Added by John Kubiatowicz almost 6 years ago. Updated over 5 years ago.

Status:ClosedStart date:2011-10-26
Priority:NormalDue date:
Assignee:-% Done:

0%

Category:SCM
Target version:1.4.0
Resolution:Fixed Affected version:

Description

The fetch_changesets routine from the git scm module (app/model/repository/git.rb) executes a self.save after processing every change. This behavior causes the loading of large repositories to take a long time.

More importantly, this behavior cases problems with plugins that set up observers for the XXX_save events on the repository model (case in point: the redmine_git_hosting plugin). The result is that these callbacks are called far too frequently and end up taking so long that requests to view large repositories can time out and fail under the apache fcgi module.

One fix would be to wait until the very end of the routine to execute self.save. I've attached a proposed patch. With this patch, loading of repositories works much faster and do not timeout.

About your application's environment
Ruby version 1.8.7 (x86_64-linux)
RubyGems version 1.8.11
Rack version 1.1
Rails version 2.3.14
Active Record version 2.3.14
Active Resource version 2.3.14
Action Mailer version 2.3.14
Active Support version 2.3.14
Application root /source/quantum/redmine
Environment production
Database adapter mysql
Database schema version 20110928183125

About your Redmine plugins
Redmine Git Hosting Plugin 0.4.2
Redmine OpenID Selector plugin 0.0.1

Additionally, the redmine code was updated from the trunk this morning (svn ID 7654). Running under apache with the mod_fcgi.

git.patch Magnifier - Proposed patch. (947 Bytes) John Kubiatowicz, 2011-10-26 08:03

git-1.png (22 KB) Toshi MARUYAMA, 2011-10-28 00:26

git-2.png (19.8 KB) Toshi MARUYAMA, 2011-10-28 00:26

git.odg (10.9 KB) Toshi MARUYAMA, 2011-10-28 00:26

git_brch_tx.patch Magnifier (946 Bytes) Etienne Massip, 2011-10-28 12:20

git_brch_no_tx.patch Magnifier (1.49 KB) Etienne Massip, 2011-10-28 12:30

git-branch.odg (10.8 KB) Toshi MARUYAMA, 2011-10-28 14:32

git-branch.png (17.6 KB) Toshi MARUYAMA, 2011-10-28 14:32


Related issues

Related to Redmine - Defect #7146: Git adapter lost commits before 7 days from database late... Closed 2010-12-21
Related to Redmine - Defect #8857: Git: Too long in fetching repositories after upgrade from... Closed 2011-07-20
Related to Redmine - Defect #6013: git tab,browsing, very slow -- even after first time Closed 2010-08-02

Associated revisions

Revision 7658
Added by Toshi MARUYAMA almost 6 years ago

scm: git: recovery and improve comments of fetching from 1.1 about harmful influence that git does not have the revision number (#9472)

Revision 7660
Added by Toshi MARUYAMA almost 6 years ago

scm: git: fix typo of comments about fetching revisions (#9472)

Revision 8840
Added by Toshi MARUYAMA over 5 years ago

scm: git: reduce saving heads times in fetching revisions (#8857, #9472)

Revision 9141
Added by Toshi MARUYAMA over 5 years ago

scm: git: backout r8840 (#8857, #9472)

reduce saving heads times in fetching revisions.

Revision 9143
Added by Toshi MARUYAMA over 5 years ago

scm: git: reduce saving heads times in fetching revisions (#8857, #9472)

Revision 9144
Added by Toshi MARUYAMA over 5 years ago

scm: git: performance improvements in fetching revisions (#8857, #9472)

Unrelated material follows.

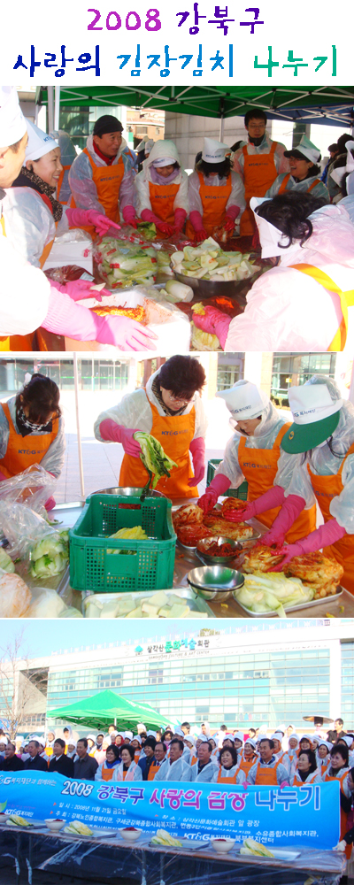이번 행사는 강북구 내 독거노인 및 저소득 가정 1,600세대에 지원될 김치를 버무리고 포장하는 일이 진행되었습니다.

Parse a revision for a given branch,
just if we haven't parsed it for any branches before.
Moved the db check to for existing revisions into a grouped search.
Search for many revisions at once: this reduces db load.
Revisions are grouped into sets of 100.
This is to improve memory consumption.
There will be just one query instead of each 100.
The above two methods significantly increase parsing speed.
Test case was a git repo with 6000+ commits on a master branch,
and several other branches originating for master.
Speed improved from 1.4h to 18min.

Contributed by Gergely Fábián.

History

#1 Updated by Toshi MARUYAMA almost 6 years ago

  • Assignee set to Toshi MARUYAMA

#2 Updated by Toshi MARUYAMA almost 6 years ago

  • Assignee deleted (Toshi MARUYAMA)

I can not accept this patch.
Because "save" is for reducing DB access (#7146, #6013).

"save" need to update "extra_info" column of "repositories" table (r5762).

#3 Updated by Toshi MARUYAMA almost 6 years ago

loading of large repositories to take a long time

This is only in case of after upgrading from 1.1 to 1.2 or new branch at first time (#8857).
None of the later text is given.